Adalind is six — almost seven. She talks fast, drops word endings, mixes up sentence structures mid-sentence, and sometimes just trails off into silence when she gets distracted by something across the room. Getting Blip to reliably understand her turned out to be the hardest single problem in Phase 1.

Why kids' speech is harder

Speech recognition models are trained on data. The majority of that data is adult speech — podcasts, audiobooks, phone calls, recorded meetings. Children's voices are systematically underrepresented. Higher pitch, different formant frequencies, inconsistent pronunciation, more disfluencies (the "um"s and "uh"s and false starts). Error rates on standard models can be two to three times higher for young children versus adults.

Jaxsen, at nine, is close enough to adult speech patterns that Whisper handles him well. Adalind at six is still in the harder zone. "Blip, can we do a spelling bee" came through as "Blip, can we do a stealing bee" on the first pass. Not terrible, but the failure modes matter when you're building something for a kid.

Watching them use it

These are raw clips from sessions at the desk — Jaxsen and Adalind working through spelling rounds with Blip. Faces blurred to keep it off the internet.

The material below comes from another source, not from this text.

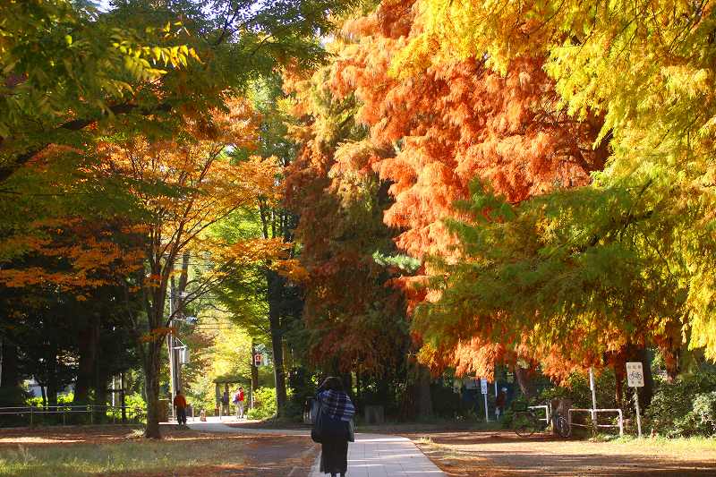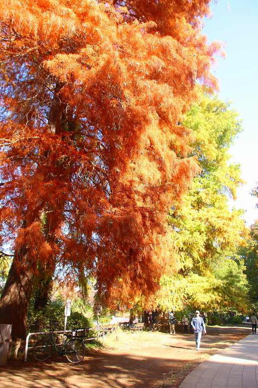 休みながら歩いていくとメタセコイアも大分茶色です。

Session 1 — first spelling round

Session 2 — trying harder words

Session 3 — Adalind solo

Session 4 — longer back-and-forth

What actually helped

The biggest improvement came from the microphone, not the model. The Anker PowerConf S330 has a six-microphone array designed for conference room pickup — far-field, with beamforming and echo cancellation built in. Switching from a standard USB mic to this reduced my transcription errors by more than half. A better input signal is worth more than a better model.

Second: prompt conditioning. Whisper accepts an optional text prompt that biases the output toward expected vocabulary. I built a dynamic prompt from the current activity — if we're doing a spelling bee, the prompt seeds Whisper with common spelling-bee vocabulary. If Adalind says a word that's on the list, Whisper is more likely to transcribe it correctly.

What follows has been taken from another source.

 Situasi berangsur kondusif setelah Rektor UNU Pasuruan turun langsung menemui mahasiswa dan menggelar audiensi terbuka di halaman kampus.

Third: graceful degradation. When the transcription score is low or the result is short and ambiguous (one or two words that don't form a clear intent), Blip asks to repeat rather than guessing. Kids are fine with "Sorry, I didn't catch that — can you say it again?" Adults find it annoying. Kids just repeat.

What I still haven't solved

The trail-off problem. Adalind starts a sentence and stops when she gets distracted — leaving Blip waiting for a silence timeout and then transcribing half a thought. I haven't found a clean solution yet. Shorter silence timeouts help but create false cut-offs mid-sentence. Longer timeouts mean waiting longer when she genuinely finishes. There's no right answer; there's just a tradeoff.

I'm also planning to fine-tune a small model specifically on kids' speech at some point — not Whisper, but the local routing model (Llama-based). That's further out. For now, the hardware + prompt conditioning approach gets us to good-enough.

The practical lesson

If you're building voice interfaces for kids: spend the money on the microphone before you spend time tuning the model. The hardware ceiling on cheap mics is lower than you'd think, and no amount of model tuning compensates for a noisy, low-gain audio signal. Get the input right first.